Dell has developed a reference architecture type design for a combined data lake/data warehouse using third party partner software and its own server, storage and networking hardware and software.
Like Databricks† dremio† SingleStoreand Snowflake, Dell is considering a single data lakehouse construction. The concept is that you have a single, universal store without having to perform extraction, transformation and loading (ETL) processes to select raw data and get it into shape for use in a data warehouse. It is as if there is a virtual data warehouse in the data lake.
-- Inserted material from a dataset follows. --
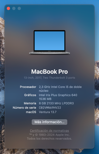 Portátil MacBook Pro de 13 pulgadas con sistema operativo macOS. - Modelo: MacBook Pro 13 - Versión de macOS: 12.7.6 Esta perfecto estado muy bien cuidado es de mi uso lo vendo x que me compre una nueva y ya no la uso.

Chhandomay Mandal, Dell’s director of ISG solutions marketing, blogged: “Traditional data management systems, such as data warehouses, have been used for decades to store structured data and make it available for analysis. However, data warehouses are not set up to handle the increasing variety of data. Dell has developed a reference architecture-type design for a combined data lake/data warehouse using third-party partner software and its own server, storage and networking hardware and software – text, graphics, video, Internet of things (IoT) – and they also cannot support artificial intelligence (AI) and machine learning (ML) algorithms that require direct access to data.”
Data lakes can do that, he says. “Today, many organizations use a data lake in conjunction with a data warehouse – they store data in the lake and then copy it to the warehouse to make it more accessible – but this adds to the complexity and cost of the analytics landscape. .”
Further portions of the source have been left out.